= TO DO =
Exactly as written, return all the data, leaving its pictures behind.

= INFORMATION SUPPLIED =

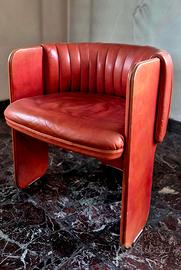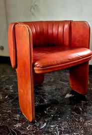 Si tratta del modello “Dinette”, prodotto negli anni ’70, realizzato in una vivida pelle rosso borgogna con dettagli in metallo cromato.
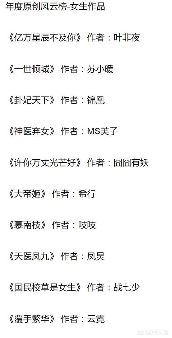 没想到大家都对第三届中国原创文学风云榜的男女生作品TOP10是哪些?感兴趣,不过这这篇解答确实也是太好了
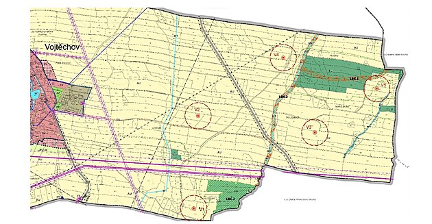 Rozmístění pěti větrných elektráren na katastru Vojtěchova (23. září 2025)
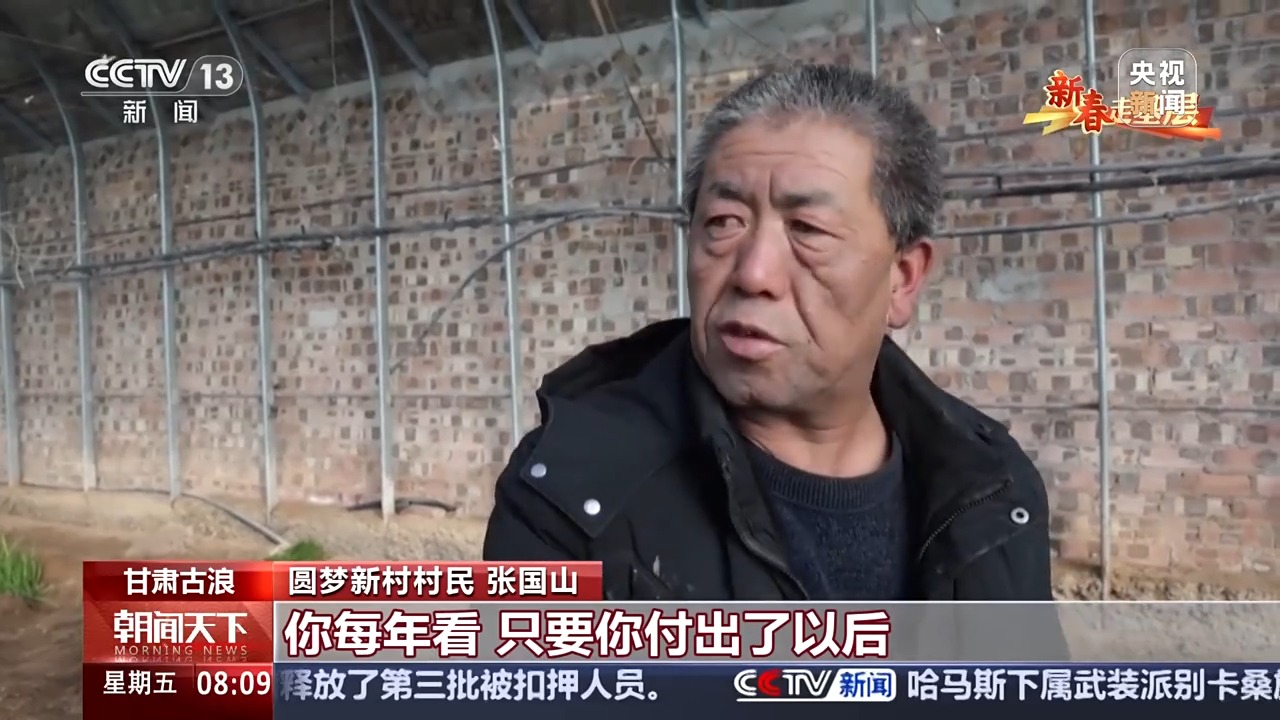 *圓夢新村村民 張國山:*寧夏當時有個合作社,每天在西安市場發一個掛車,我就在那學了三天,種富山88小番茄,山東種得最好,我去了一次山東,人蔘果,雲南種得最好,我就去了一次雲南,張掖、武威、蘭州這邊的培訓,我是每次都去,不管多忙,我是每次必到。跟政府“等、靠、要”,這種習慣,這種想法,過不了日子,必須自立自強。

= TASK RESPONSE =
 Si tratta del modello “Dinette”, prodotto negli anni ’70, realizzato in una vivida pelle rosso borgogna con dettagli in metallo cromato.
 没想到大家都对第三届中国原创文学风云榜的男女生作品TOP10是哪些?感兴趣,不过这这篇解答确实也是太好了
 Rozmístění pěti větrných elektráren na katastru Vojtěchova (23. září 2025)
 *圓夢新村村民 張國山:*寧夏當時有個合作社,每天在西安市場發一個掛車,我就在那學了三天,種富山88小番茄,山東種得最好,我去了一次山東,人蔘果,雲南種得最好,我就去了一次雲南,張掖、武威、蘭州這邊的培訓,我是每次都去,不管多忙,我是每次必到。跟政府“等、靠、要”,這種習慣,這種想法,過不了日子,必須自立自強。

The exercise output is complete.